Replacing Hate With Love
The experience of the 2001 Durban Anti-Racism Conference held in South Africa, in which Arabs and their sympathizers did their utmost to communicate a lying legend of a demonized Israel, is not likely to be uprooted soon in that country.
This was one of the messages delivered by the new chief rabbi of South Africa at his recent inauguration. Rabbi Dr.

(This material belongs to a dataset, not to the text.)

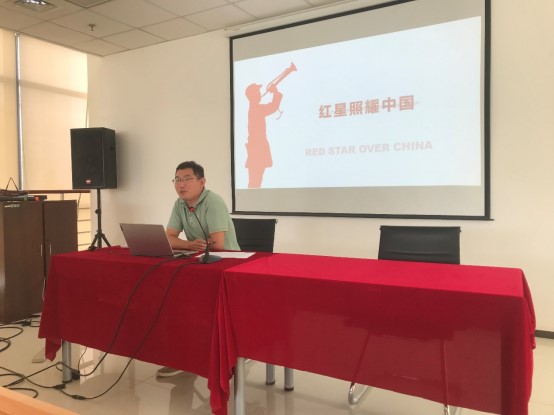 柏祥濤分享了美國作者埃德加·斯諾所著的《紅星照耀中國》一書?;顒赢?dāng)天正是毛主席逝世46周年紀(jì)念日,今天分享的這本書籍還原原著中的諸多細(xì)節(jié),有血有肉地塑造與再現(xiàn)了毛澤東、周恩來、彭德懷等革命領(lǐng)袖的寫實(shí)形象,客觀公正地了解這支成功建立共和國的革命隊(duì)伍,詩意詮釋“不忘初心”的真諦,給了在場很多同事啟發(fā)。

Warren Goldstein, who served as the spiritual leader of Ohr Somayachs Sunny Road Synagogue in Johannesburg before being appointed as the fifth chief rabbi of South Africa, is not only the youngest (33) to hold this position of leadership of the 800,000-strong Jewish community, but also the first to be born in that country.
Reflecting on his own experience and that of Ohr Somayach, Rabbi Goldstein told an audience, which included South African President Thabo Mbeki, that he envisions "a conceptual framework of Jewish unity on an African framework that ultimately derives from the giving of the Torah on Mount Sinai."
"Proportionately," he added in a press interview, "we have the strongest baal teshuva movement in the world."
With the leadership of the new chief rabbi and the efforts of Ohr Somayach, there is real hope that a legend of love of the Land of Israel will replace the hatred demonstrated at Durban.